TASK OBJECTIVE: Write out word for word the lines from the one holding "- จำนวนเงินเอาประกันภัยขั้นต่ำ 100,000" through the end of the data, and only those lines. Pictures stay out.

STORED DATA:
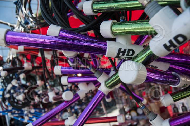 MÉXICO, D.F., 17DICIEMBRE2015.- El primer minuto de este jueves se llevo a cabo el apagón analógico, coordinado por el Instituto Federal de Telecomunicaciones (Ifetel), quedando así la señal de Televisión Digital Terrestre (TDT). La Secretaría de Comunicaciones y Transportes (SCT) informó que en caso de que no se cuente con televisión digital, los televidentes deberán conseguir un decodificador o una antena apta para recibir señales en las bandas VHF/UHF para ver los canales digitales. Vendedores ambulantes comercian antenas para recibir señal UHF afuera del metro Salto del Agua, ofertandolas en 40 pesos. FOTO: DIEGO SIMÓN SÁNCHEZ /CUARTOSCURO.COM
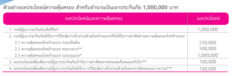- จำนวนเงินเอาประกันภัยขั้นต่ำ 100,000 บาท ไม่เกิน 5 เท่าของทุนชีวิต
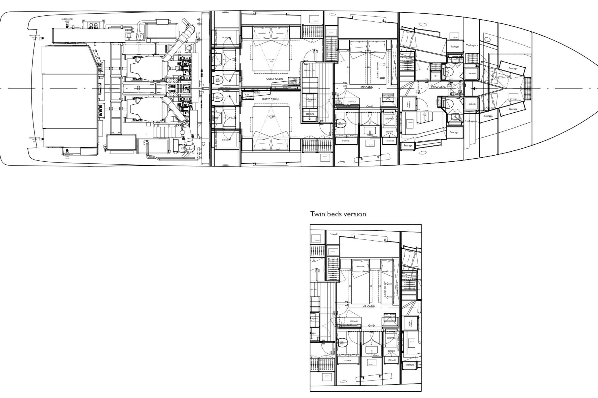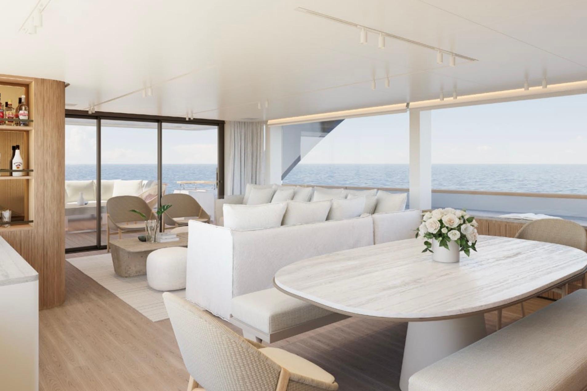 With its bold vertical bow, sculpted superstructure, and expansive glazing throughout, the SD90 strikes a perfect balance between elegance and capability. The yacht features a multi-level beach area, a bright open salon with panoramic windows, and a flexible interior layout crafted by world-renowned designers for maximum comfort.

RESULT:
- จำนวนเงินเอาประกันภัยขั้นต่ำ 100,000 บาท ไม่เกิน 5 เท่าของทุนชีวิต
 With its bold vertical bow, sculpted superstructure, and expansive glazing throughout, the SD90 strikes a perfect balance between elegance and capability. The yacht features a multi-level beach area, a bright open salon with panoramic windows, and a flexible interior layout crafted by world-renowned designers for maximum comfort.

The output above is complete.